**INPUT**
◇ ◇ ◇ ◇

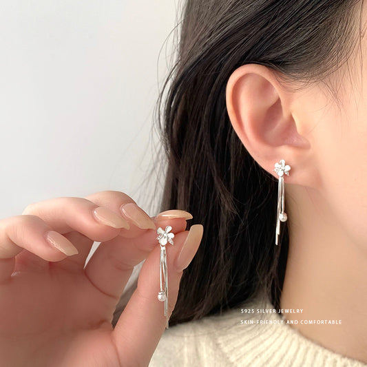 E廠【YC9560E】S925純銀清純白色花朵耳環女甜美仙女風設計感耳環耳飾品 24.02-3
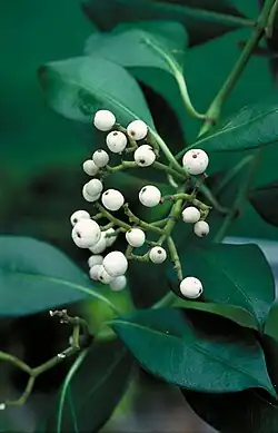 Psychotria coelospermum is a vine in the coffee family Rubiaceae found only in the Northern Territory and Queensland, Australia. It is a root climber with a slender stem and leaves arranged in opposite pairs, each measuring up to 14 cm (5.5 in) long by 7 cm (2.8 in) wide. Flowers are produced in panicles from October to December, followed by white fruits about 15 mm (0.6 in) diameter from February to June. It grows in swamps and very wet areas in rainforest. It was first described by the Queensland government botanist Frederick Manson Bailey in 1904.[4][5]
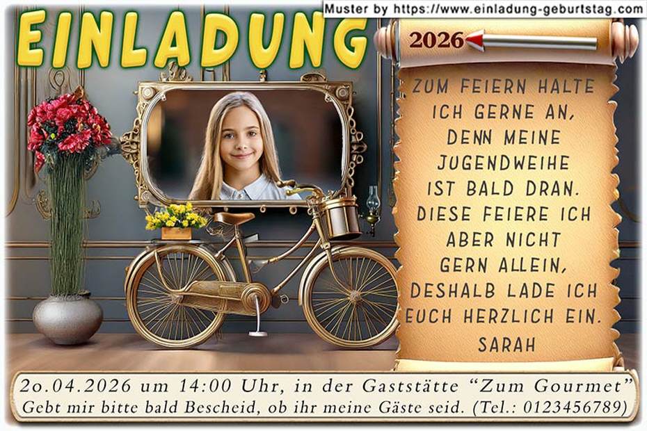Du wünschst ein Vorschaubild dieser Einladungskarte mit deinen Angaben ohne gleich eine Bestellung aufzugeben - hier kannst du es unverbindlich anfordern und nach dem Erhalt selbst entscheiden, ob du diese Karten bestellen möchtest.
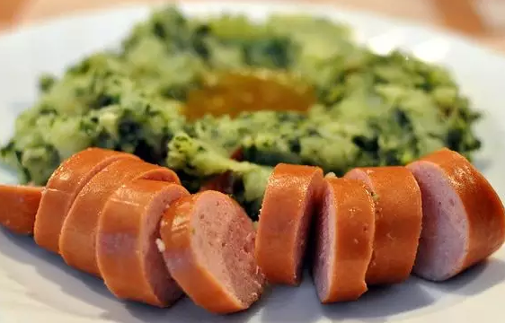 土豆泥配烤香腸:我覺得再難找出像荷蘭人一樣熱衷于把土豆當(dāng)主食的國家了。出生于荷蘭的畫家梵高不是有幅名畫就叫“吃土豆的人”嗎。荷蘭人會(huì)把綠色蔬菜,如甘藍(lán)菜或菠菜,和煮熟的土豆放在一起攪拌,再加點(diǎn)鹽或橄欖油調(diào)味,這就是荷蘭人晚餐的一道主食了??赡芤?yàn)镸issJoy不是個(gè)香腸愛好者,對于這盤子里的香腸自是給不出如“很贊…美味…好好吃”的評價(jià)了。
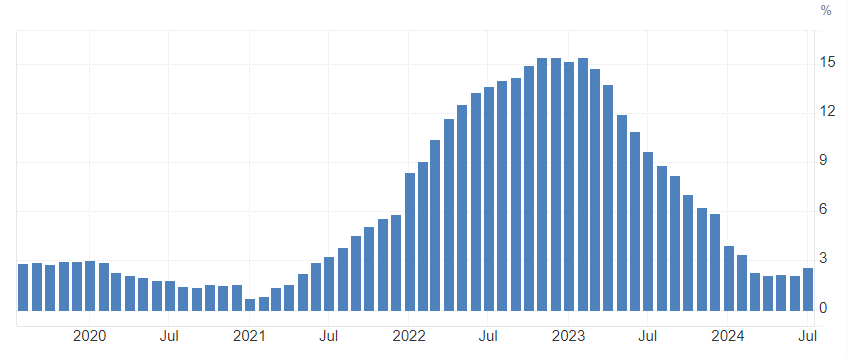 Naposledy bola inflácia pod 2 % v eurozóne v apríli 2021. Posledný rok sa pohybuje tesne pod úrovňou 3 %, a presne to isté platí aj pre Slovensko. Dokonca za júl 2024 u nás medzimesačne stúplo tempo rastu cien o 0,5 %, ukazujú údaje Tradingeconomics. ECB aj FED budú rozhodovať o uvoľnení menovej politiky už v septembri.
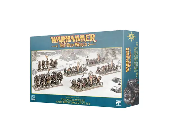 Unleash fury on the Mortal Realms with the Chaos Marauders Army Reinforcement Set, packed with everything you need to swell your Warriors of Chaos ranks. Inside this massive box, you'll find 40 brand-new Chaos Marauders, enough to muster four units of 10, each with full command options and a wealth of choices. Arm them with hand weapons and shields, devastating great weapons, or wild, swinging flails, and customize every warrior with a choice of two head options. You also get 10 Marauder Horsemen, buildable as two units of five with full command options, equipped with either spears and shields or brutal flails and 13 head options to keep your raiders looking unique. Rounding out the set are two Warriors of Chaos transfer sheets, each loaded with 246 decals.
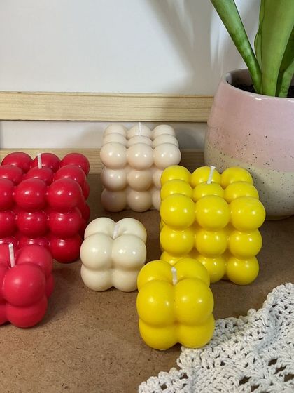 Hand-poured Scented Candles - We make bubble candles, dual-tone peonies, festive daisies, and handmade heart-shaped candles.
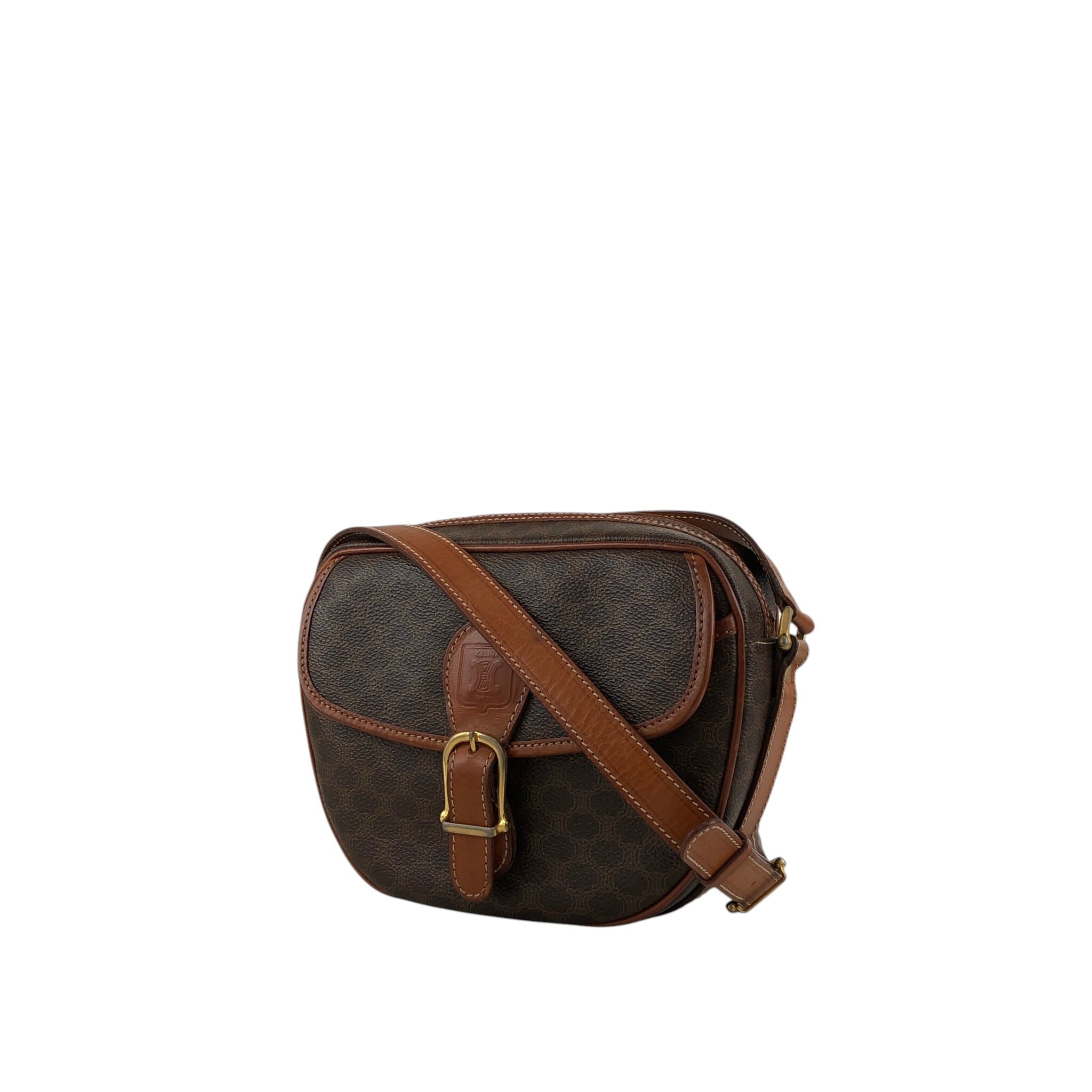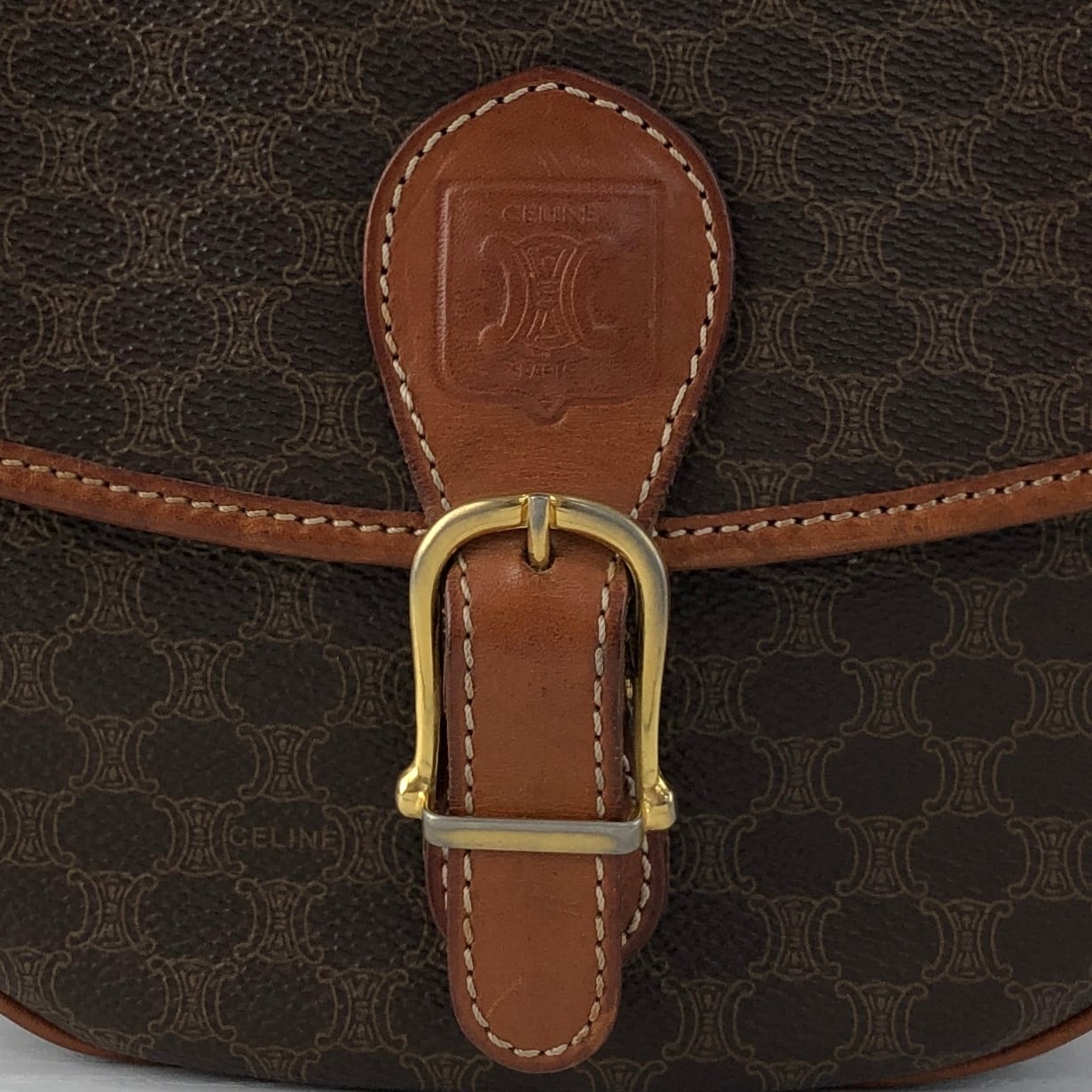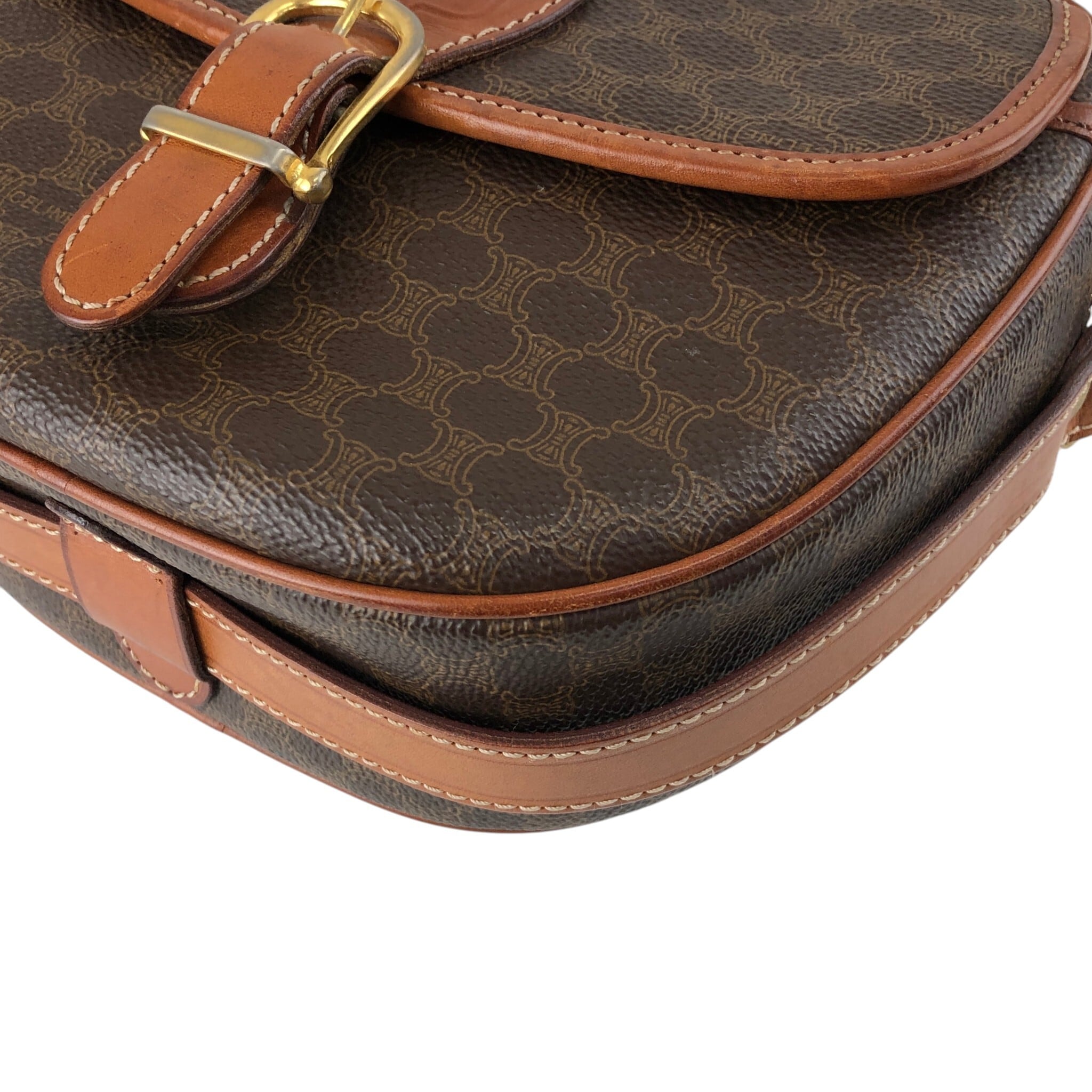 CELINE セリーヌ マカダム ショルダーバッグ ブラウン ブラゾン型押し PVCレザー vintage ヴィンテージ オールド x45cv7
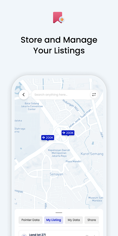 - Terokai penyenaraian melalui paparan peta interaktif, memberikan perspektif lokasi pertama bagi hartanah yang tersedia.
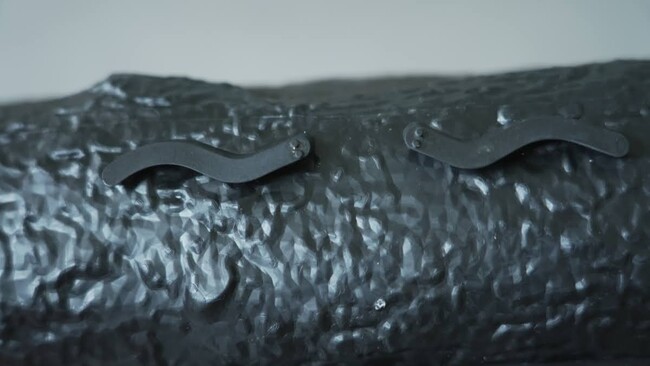 ストッパーになる部分には、シャクトリムシをデザインして遊び心をプラス。効果的な足止まりの良さを可能にしました。
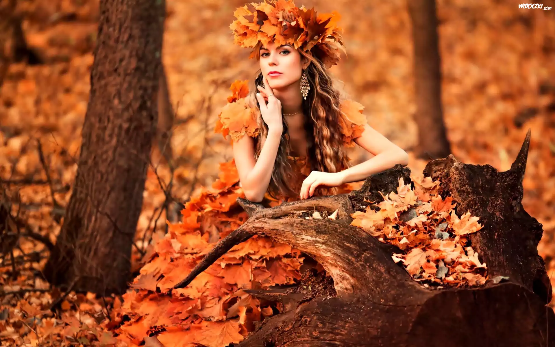 Zdjęcia, Jesień, Park, Kobieta, Liście, Wianek

◇ ◇ ◇ ◇

**EXERCISE GOAL**
Nothing but the lines from the one containing "Naposledy bola inflácia" through the final line of the entries above should be given again, each exactly as written; omit the pictures.

**RESPONSE FOR THIS EXERCISE**
 Naposledy bola inflácia pod 2 % v eurozóne v apríli 2021. Posledný rok sa pohybuje tesne pod úrovňou 3 %, a presne to isté platí aj pre Slovensko. Dokonca za júl 2024 u nás medzimesačne stúplo tempo rastu cien o 0,5 %, ukazujú údaje Tradingeconomics. ECB aj FED budú rozhodovať o uvoľnení menovej politiky už v septembri.
 Unleash fury on the Mortal Realms with the Chaos Marauders Army Reinforcement Set, packed with everything you need to swell your Warriors of Chaos ranks. Inside this massive box, you'll find 40 brand-new Chaos Marauders, enough to muster four units of 10, each with full command options and a wealth of choices. Arm them with hand weapons and shields, devastating great weapons, or wild, swinging flails, and customize every warrior with a choice of two head options. You also get 10 Marauder Horsemen, buildable as two units of five with full command options, equipped with either spears and shields or brutal flails and 13 head options to keep your raiders looking unique. Rounding out the set are two Warriors of Chaos transfer sheets, each loaded with 246 decals.
 Hand-poured Scented Candles - We make bubble candles, dual-tone peonies, festive daisies, and handmade heart-shaped candles.
 CELINE セリーヌ マカダム ショルダーバッグ ブラウン ブラゾン型押し PVCレザー vintage ヴィンテージ オールド x45cv7
 - Terokai penyenaraian melalui paparan peta interaktif, memberikan perspektif lokasi pertama bagi hartanah yang tersedia.
 ストッパーになる部分には、シャクトリムシをデザインして遊び心をプラス。効果的な足止まりの良さを可能にしました。
 Zdjęcia, Jesień, Park, Kobieta, Liście, Wianek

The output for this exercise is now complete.